▶ **The task**
Omit the images and output every line of the data below exactly.

Recorded data
..........

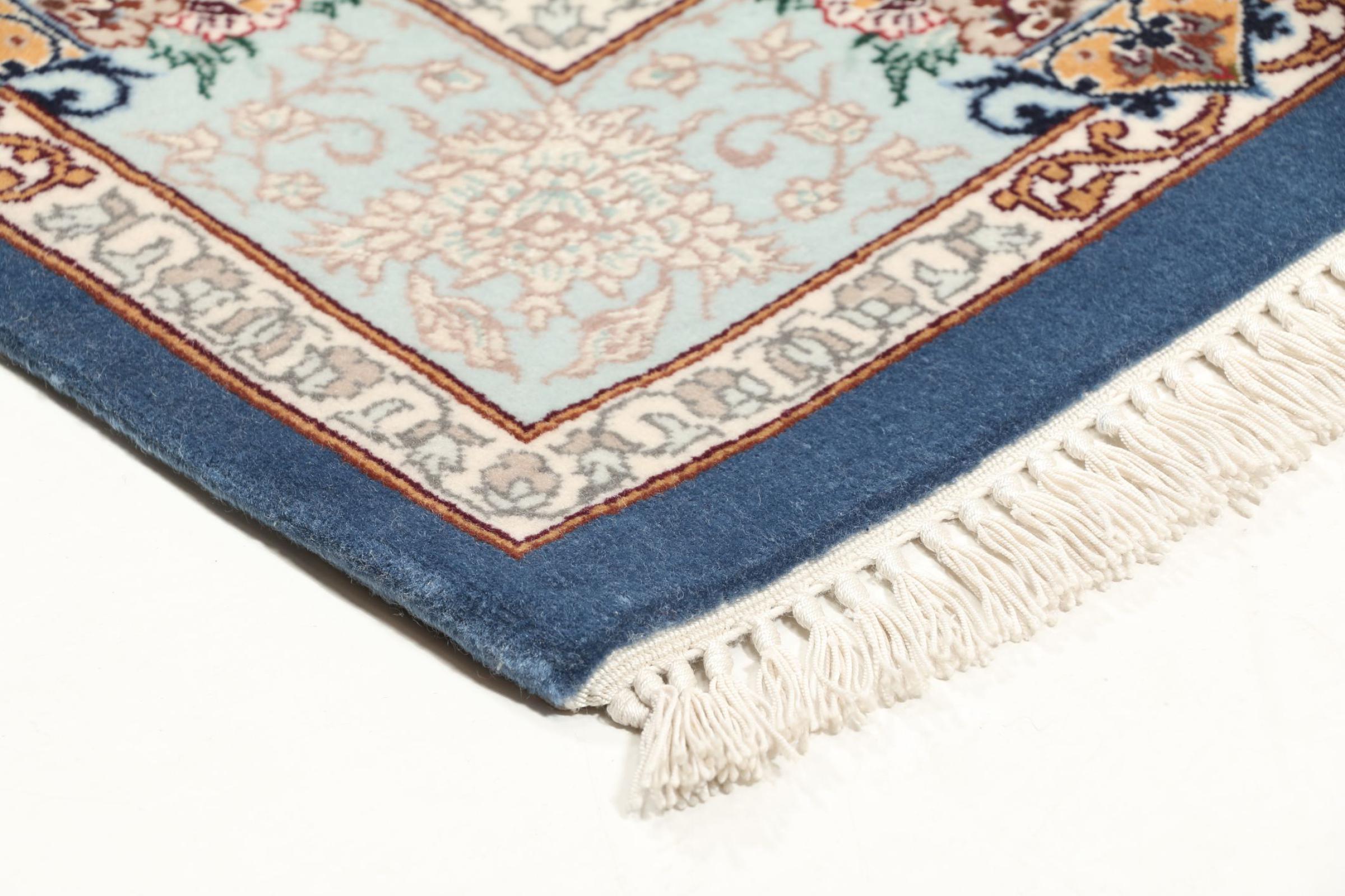 Nr.dywanu: 308726006392660 Wielkość: 124x84 cm Grubość: ok. 6 mm Gęstość tkania: 810 000 / m² Przetwarzanie: Ręcznie tkane Włosie: Wełna z jedwabiem Osnowa: Jewab Pochodzenie: Persja / Iran Wiek: nowe Waga: ok. 3 kg Ilość w magazynie: Unikalny - Tylko 1 na składzie
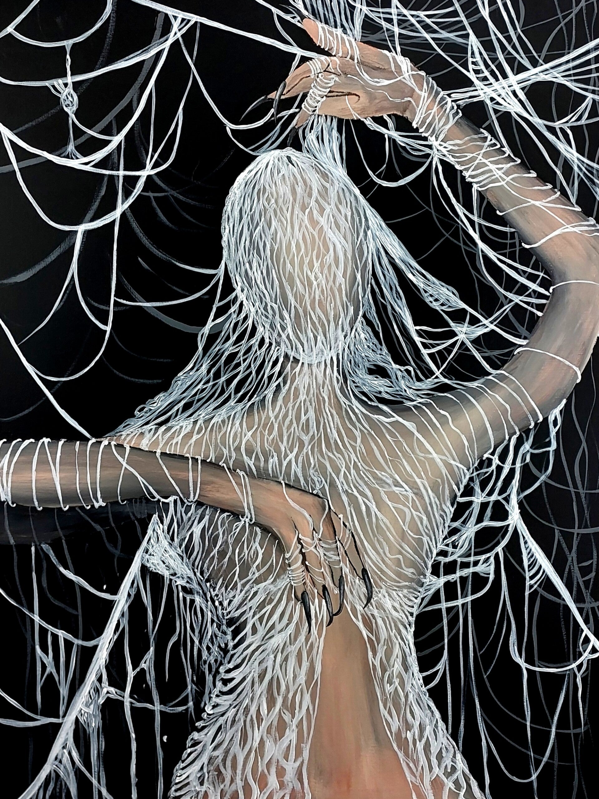 Postać cała owinięta nicią, unosi ręce jak baletnica w zamrożonym rytmie. Pajęczyny oplatają ją i tło, tworząc połączenie cielesności i abstrakcji, ruchu i zatrzymania. Każdy gest jest dialogiem z przestrzenią – taniec w niewidzialnej sieci, który mówi: „istnieję, choć granice mnie oplatają
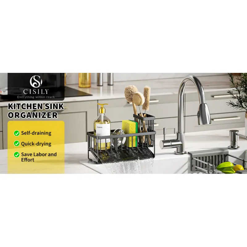 304 Stainless SteelQuality Control[AUTOMATIC DRAINAGE SYSTEM]Cisily adopts slope design to achieve drainage effect, aiming at reducing the frequency and time of cleaning the sponge holder, freeing your hands, reducing the burden on your kitchen work, and improving your happiness index. [PREMIUM STURDY MATERIAL] Cisily kitchen sink organizer is made of premium stainless steel which can effectively prevent rust and deformation.And you can clean it easily by rinsing it under a running tap.Take the clutter out of your countertops. [REASONABLE DIVIDER DESIGN] The sponge holder for kitchen sink ergonomic divider design allows it to have 3 separate storage spaces, Different items are placed in different areas.Make the of every inch of space and make your kitchen look cleaner. [SATISFACTION GUARANTEED]The CISILY kitchen sink organizer is ready to use upon receipt, no installation required and is widely used on counters or bathrooms, making it a satisfying gift. If you have any questions during use, please consult our customer service staff. We want to provide you with a pleasant shopping experience. US Patent Number::1038566S
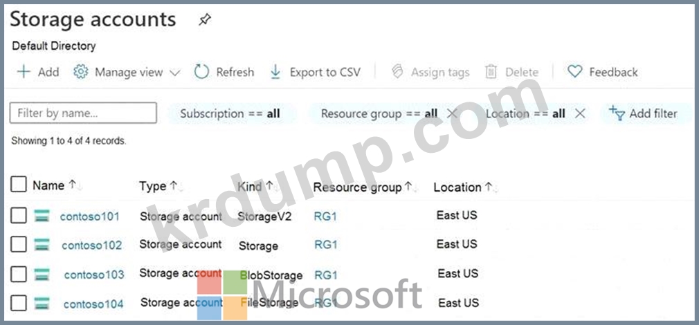 다음 그림에 표시된 저장소 계정이 포함된 Azure 구독이 있습니다.
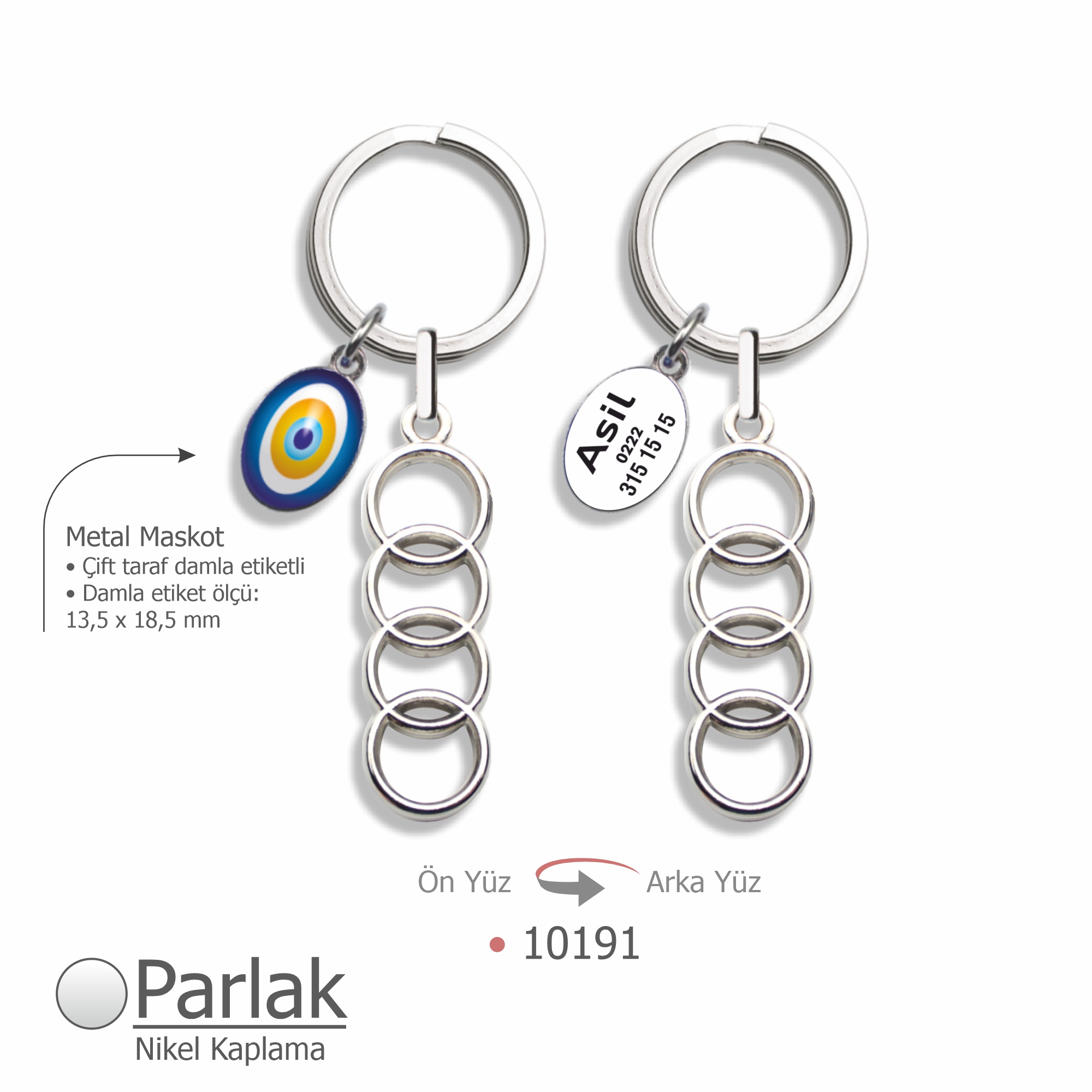 Anahtarlık halkasına takılı metal reklam maskotu, çift taraf damla etiketli
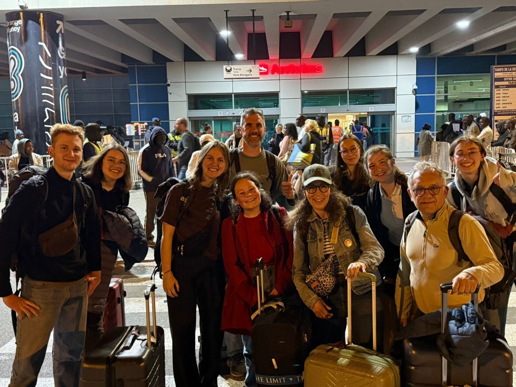 Arrivée à l’aéroport de Dakar de la mission Sindia Soleil avec les 7 étudiants de l’INSA Centre-Val de Loire, leurs 2 encadrants et Bruno, bénévole et chef de chantier d’Horizons Sahel – 07/02/2025

..........

▶ **Result**
 Nr.dywanu: 308726006392660 Wielkość: 124x84 cm Grubość: ok. 6 mm Gęstość tkania: 810 000 / m² Przetwarzanie: Ręcznie tkane Włosie: Wełna z jedwabiem Osnowa: Jewab Pochodzenie: Persja / Iran Wiek: nowe Waga: ok. 3 kg Ilość w magazynie: Unikalny - Tylko 1 na składzie
 Postać cała owinięta nicią, unosi ręce jak baletnica w zamrożonym rytmie. Pajęczyny oplatają ją i tło, tworząc połączenie cielesności i abstrakcji, ruchu i zatrzymania. Każdy gest jest dialogiem z przestrzenią – taniec w niewidzialnej sieci, który mówi: „istnieję, choć granice mnie oplatają
 304 Stainless SteelQuality Control[AUTOMATIC DRAINAGE SYSTEM]Cisily adopts slope design to achieve drainage effect, aiming at reducing the frequency and time of cleaning the sponge holder, freeing your hands, reducing the burden on your kitchen work, and improving your happiness index. [PREMIUM STURDY MATERIAL] Cisily kitchen sink organizer is made of premium stainless steel which can effectively prevent rust and deformation.And you can clean it easily by rinsing it under a running tap.Take the clutter out of your countertops. [REASONABLE DIVIDER DESIGN] The sponge holder for kitchen sink ergonomic divider design allows it to have 3 separate storage spaces, Different items are placed in different areas.Make the of every inch of space and make your kitchen look cleaner. [SATISFACTION GUARANTEED]The CISILY kitchen sink organizer is ready to use upon receipt, no installation required and is widely used on counters or bathrooms, making it a satisfying gift. If you have any questions during use, please consult our customer service staff. We want to provide you with a pleasant shopping experience. US Patent Number::1038566S
 다음 그림에 표시된 저장소 계정이 포함된 Azure 구독이 있습니다.
 Anahtarlık halkasına takılı metal reklam maskotu, çift taraf damla etiketli
 Arrivée à l’aéroport de Dakar de la mission Sindia Soleil avec les 7 étudiants de l’INSA Centre-Val de Loire, leurs 2 encadrants et Bruno, bénévole et chef de chantier d’Horizons Sahel – 07/02/2025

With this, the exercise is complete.